In-Memory Computing can help in this understanding. What used to take strenuous effort of lab time 15 to 20 years ago can now be completed in seconds with ease. Though it will also be critical in cases where data is “self-learning” and there is no historical data available, IMC will be essential to help organizations understand the business value of the data they’re collecting, why they’re making a decision and the importance of responding rapidly to a customer inquiry. Though not all organizations fully recognize the competitive advantage just yet, the application of Real Time Analytics via IMC is going to make big difference to how customers feel they’re being accommodated and how well their needs are being addressed.
Sanjog Aul: Welcome listeners this is Sanjog Aul, your host and the topic for today’s conversation is “Enabling Real Time Analytics.” Joining us today is Scott Zoldi. Scott is the Vice President of Analytic Science for FICO. Hello Scott, thank you for joining us. Now as part of our series on In-Memory Computing, we have talked extensively about its potential and whether or not its ready for the mainstream, and yet one of the most interesting use cases involves something that goes beyond just technology or architecture. And that’s enabling Real-Time Analytics. So IMC or not, this is something a lot of organizations would like to tackle, and today we want to discuss how they might approach that and what immediate impact doing so could have. So Scott, the first question for you is where so far have organizations struggled to attain genuinely real-time analytics?
Scott Zoldi: Generally, with respect to organizations taking on real time analytics, it’s a technology attack. So one of the things that they’ve had trouble with in the past is whether or not it can accumulate the data that they need to make that real time decision in an efficient fashion. So as an example, FICO developed a set of models called fraud management models, and in those models we leverage something called transaction profiles where there is data that is efficiently summarized and condensed in terms of small records that would have these recursive variables, so it’s kind of like transaction histories. This is a product that’s been protecting cardholders in the US for two decades and leverages this concept of a small, summarized transaction data record. Those companies that don’t do that, that try to go and have real-time, on demand access to all the transaction history to make a decision, they struggle with the ability to do that in real-time because of the data access requirements.
“Companies like FICO concentrate only on what we call Streaming Analytics. That’s really this concept of summarizing data very efficiently in terms of a single transaction profile that allows us to get access to the entire history of transactions in a very summarized fashion.”
So when we look at real time analytics, companies like FICO concentrate only on what we call Streaming Analytics. That’s really this concept of summarizing data very efficiently in terms of a single transaction profile that allows us to get access to the entire history of transactions in a very summarized fashion, and that enables real-time analytics. And those that don’t use tricks like that typically do struggle.
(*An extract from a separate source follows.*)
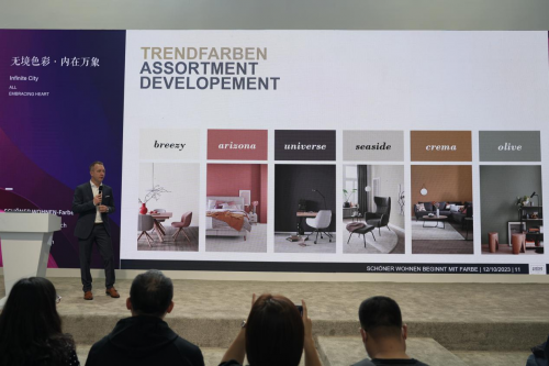 好的市场数据当然离不开好的产品。SCHÖNER WOHNEN-Farbe一直以来以高环保的标准,推出消费者喜爱的色彩。本次论坛,Frederik Strotmann发布2024年年度色仍为芒草暖cosy。此外,Frederik Strotmann表示,预调色一直是SCHÖNER WOHNEN-Farbe的特色产品,2024年还将为中国市场带来6大城市预调色Trendfarbe新色。Dirk Nienhaus则对预调色代表天鹅堡预调色Designfarben做了产品介绍及新色推介。

Sanjog: When we look at the phrase “real time”, how close are we to actual real time, and how close to real time are the majority in getting insight from Big Data analytics and the like?
Scott: In terms of real time, the things like these fraud solutions that are out there in the market today that the banks leverage, a real time response from an analytic model would be about 10 milliseconds. With the newer technologies around NoSQL databases, it’s really possible to go sub-millisecond decisions in terms of making those real time decisions. So that’s roughly the time span.
So for example, here at FICO when we develop a fraud model, we’re returning realtime decisions and scores based on tenths of milliseconds. And when we look at areas such as cyber security, it’s very important that those decisions get made in a timely fashion so that people that need to make a decision or monitor what’s happening at the edges of networks can be notified of abnormal events and then try to remedy those situations.
Sanjog: Now what have been the challenges in real time analytics implementation thus far, whether you see it within FICO or outside, and what’s the need to accelerate that process even more?
Scott: I think some of the challenges have really been around adoption of newer technology. Today there are things such as Storm and Spark and other In-Memory databases that are available for making decisions in real-time. Typically what happens you have the situation where you need to decide the level of complexity of the scoring or the calculations that need to occur.
For example, we develop models that have a number of these summarized transaction profiles, and that leads to issues of what we call “contention”, where there might be multiple threads all trying to process a large number of transactions in real-time, all utilizing shared memory objects. That means that there’s contention for those pieces of information that are being summarized. That can be a training exercise, where if you are leveraging things like an NoSQL database coupled with Spark or Storm, you need to look at you know having the right number of compute notes and the right amount of potential remedies in place, or one moves away from some of the Big Data architectures that looks at some of the memory paths out there that allow access to this data to be done completely in-memory without the NoSQL databases that may have the combination of a cache and a disc persistence.
But that’s generally going to be the issue for the types of real time analytics and real time decisions that are relatively complex from an analytics perspective because there’s typically going to be a lot of shared data in these decisions and contentions for data resources in a very short period of time when that real time decision needs to be made.
“When we look at areas such as cyber security, it’s very important that those decisions get made in a timely fashion so that people that need to make a decision or monitor what’s happening at the edges of networks can be notified of abnormal events and then try to remedy those situations.”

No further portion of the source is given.